Outlier Detection with Twitter's Anomaly Detection

02 Jun 2018

Twitter’s Anomaly Detection was originally built in R, and python packages that reproduce it tend to require dependencies on R as well.

Well, not this one! Check out https://github.com/wdm0006/pyculiarity

Amazing stuff.

I downloaded some ec2 cpu utilisation data with anomalies from the Numenta Anomaly Benchmark (NAB) https://www.kaggle.com/boltzmannbrain/nab/data, pip installed pyculiar and BOOM - with a few lines of code:


import pandas as pd
import numpy as np
from pyculiarity import detect_ts
import matplotlib.pyplot as plt
%matplotlib inline

# read in data
cpu_util = pd.read_csv('ec2_cpu_utilization_24ae8d.csv')

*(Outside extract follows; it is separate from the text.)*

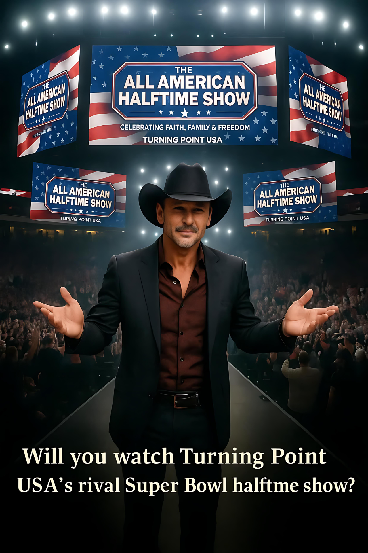 🔥 BREAKING: Tim McGraw Joins “The All-American Halftime Show” — A Performance That Could Redefine Super Bowl History! 🇺🇸✨ Social media is exploding after country music superstar Tim McGraw officially confirmed his appearance at Turning Point USA’s “The All-American Halftime Show,” set to air opposite Super Bowl 60 in a bold cultural statement. Hosted by Erika Kirk, widow of the late Charlie Kirk, the event is being hailed as “a spiritual revolution in an age of entertainment” — a celebration of faith, family, and freedom that promises to touch millions. McGraw’s message — already going viral — struck a chord across America: “This isn’t competition. It’s conviction — a reminder that God still has His hand on this nation.” Fans are calling it “the halftime show America truly needs.” Tim will perform “Live Like You Were Dying” and “Humble and Kind,” backed by a 200-voice choir, a breathtaking light display, and visuals honoring Charlie Kirk’s legacy. 👉 For the first time ever, Super Bowl has a rival — not from the field, but from the heart of America…….Full story👇👇👇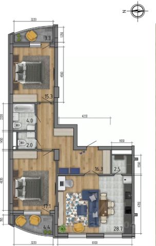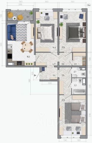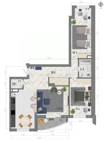 -Комнаты 18 м² и 15м² правильной конфигурации,

# convert timestamp string to datetime, then to unix timestamp integer
cpu_util['timestamp'] = pd.to_datetime(cpu_util['timestamp'])
cpu_util['timestamp'] = cpu_util['timestamp'].astype(np.int64) // 10**9

# run the model
results = detect_ts(cpu_util, max_anoms=0.005, alpha=0.001, direction='both')

# format the unix timestamp integer back to datetime
cpu_util['timestamp'] = pd.to_datetime(cpu_util['timestamp'])

# plot the graphs
f, ax = plt.subplots(2, 1, sharex=True, figsize=(20, 10))

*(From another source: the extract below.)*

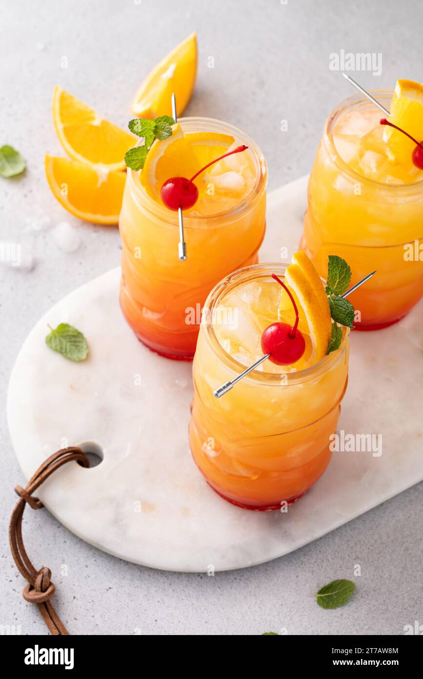 Hurricane cocktail in tiki glasses tropical rum based cocktail with

ax[0].plot(cpu_util['timestamp'], cpu_util['value'], 'b')
ax[0].plot(results['anoms'].index, results['anoms']['anoms'], 'ro')
ax[0].set_title('Detected Anomalies')
ax[0].set_ylabel('Value')

ax[1].plot(results['anoms'].index, results['anoms']['anoms'], 'b')
ax[1].set_xlabel('Time Stamp')
ax[1].set_ylabel('Anomaly Magnitude')

# save the plot
plt.savefig('aws.png')